The Majesty of Fauré's Requiem Revealed
Paavo Järvi realises a vision of beauty and and subtle expression.
Composer: Fauré
Repertoire: Requiem; Cantique de Jean Racine; Super Flumina Babylonis; Pavane; Elégie Artist: Philippe Jaroussky, Matthias Goerne, Choir of the Orchestre de Paris, Orchestre de Paris/Paavo Järvi
Rating: 4/5
Genre: vocal
Label: Virgin Classics 0709212
The Music: Fauré noted that his requiem was ‘composed for nothing... for fun’. The loss of his parents may have conditioned his outlook while creating the score’s first version during 1887-88. But the composer regarded death as a happy deliverance and wrote a serene requiem to match.
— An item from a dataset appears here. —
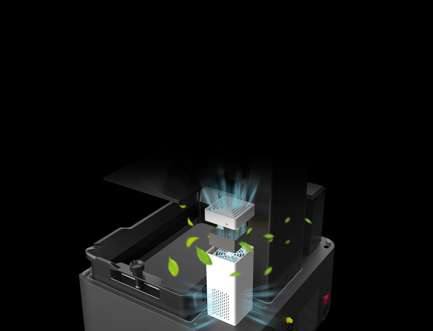 Встроенный фильтр с активированным углем и эффективный двигатель вентиляции; Эффективность очистки от ЛОС достигает 99% за одну операцию; Эффективно поглощает и фильтрует запахи смолы рядом с источником печати, обеспечивая чистоту и спокойствие пользователя.

The Performance: Recorded live at the Salle Pleyel in Paris, this album brings out the elegiac gentleness of Fauré’s Requiem, a quality often overshadowed by performers determined to convey romantic energy at the expense of expressive subtlety. Paavo Järvi’s vision of the music is built on subtle expression: listen, for example, to the variety of inflection, the rhythmic ebb and flow and tonal variety applied to Libera Me by Matthias Goerne, choir and orchestra. Philippe Jaroussky is pleasing enough in the Pie Jesu, but less so than the best female soloists in comparably fine recordings. Yet this release, complete with cellist Eric Picard’s delectable Elégie performance, amounts to front-rank Fauré.
The Verdict: Emotional and cerebral intelligence are harnessed by Paavo Järvi, a musician clearly dedicated to Fauré’s cause. Even the composer’s familiar Pavane, done here with optional chorus and stripped of false sentiment, sounds fresh and new in its classical elegance.